7. We keep really weird hours.
Except for breakfast, we do everything late. Lunch at 2-3pm, dinner at 9-10pm… Depending on where you are, it might be difficult to find restaurants where to have your meals earlier, so the best you can do is try and adapt. And don’t worry, you’re not expected to spend all those hours in between meals without eating! We actually have 5 meals a day -we have a coffee with something small to eat at noon and merienda, something like a sandwich or some fruit, around 6-7pm.
8. Most stores will close between 2-4pm, but not because we’re sleeping.
Of all those 5 meals, we take lunch most seriously. If we’re lucky enough to live close to where we work, we go back home, cook, enjoy our food with our family, have a coffee, and relax for a bit. That’s why we need long lunch-breaks, not because we’re having siesta. Most people won’t even sleep for the recommended 15 minutes.
9. Spain is like many different countries put together.

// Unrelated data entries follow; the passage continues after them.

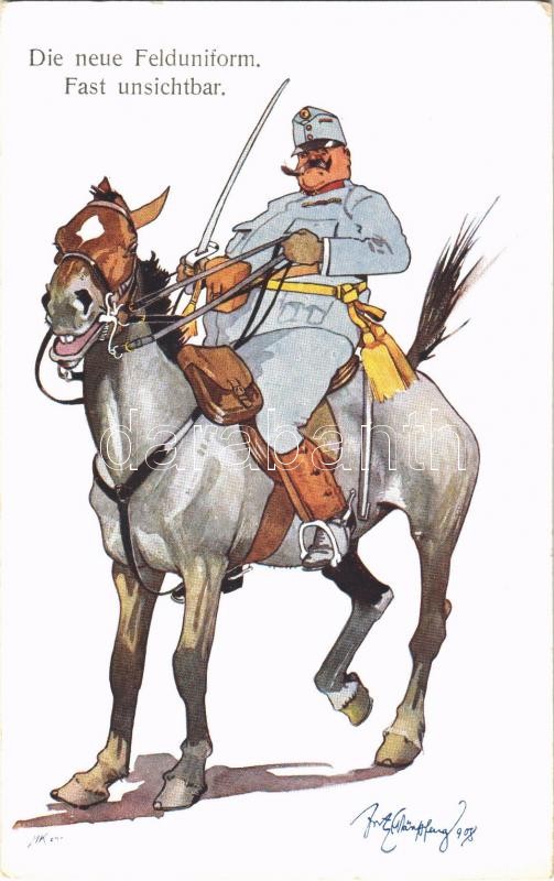 Die neue Felduniform. Fast unsichtbar. K.u.K. Militärhumor / Osztrák-magyar katonai humor / Austro-Hungarian military humour. B.K.W.I. 584-4. s: Fritz Schönpflug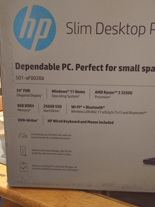 HP Slim S01-aF0026b Desktop PC Bundle, Windows 11, AMD Ryzen 3, 256GB SSD, 500GB HD, 23.8 HP Monitor, Open-Box(New)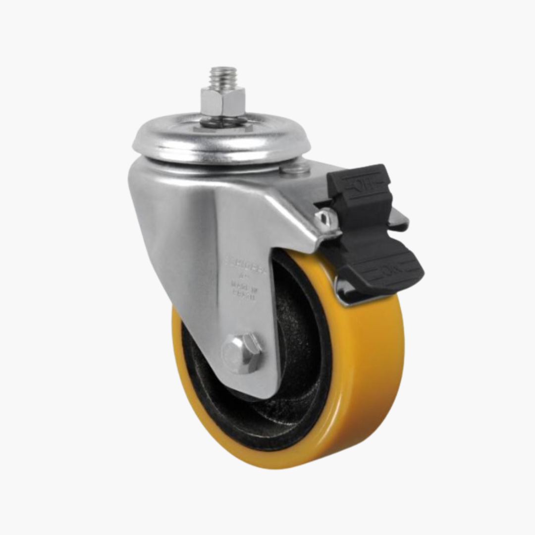 Garfo: Fabricado em chapa estampada e cabeçote com dupla pista de esferas, acabamento zincado. Eixo da roda parafusado

Different landscapes, different traditions, even different languages! The diversity across Spain is huge and you can travel from one region to another feeling you’re actually visiting different countries. So do your research before traveling, learn some words in the local language if you come to a bilingual area (everyone understands and speaks Spanish, but you’ll be loved if you can utter some phrase in Catalan, Basque, Galician, etc.), find out the local specialties and everything that’s different about the region you’re visiting. You’ll be less confused when you see people playing bagpipes or speaking something that doesn’t sound like Spanish to you.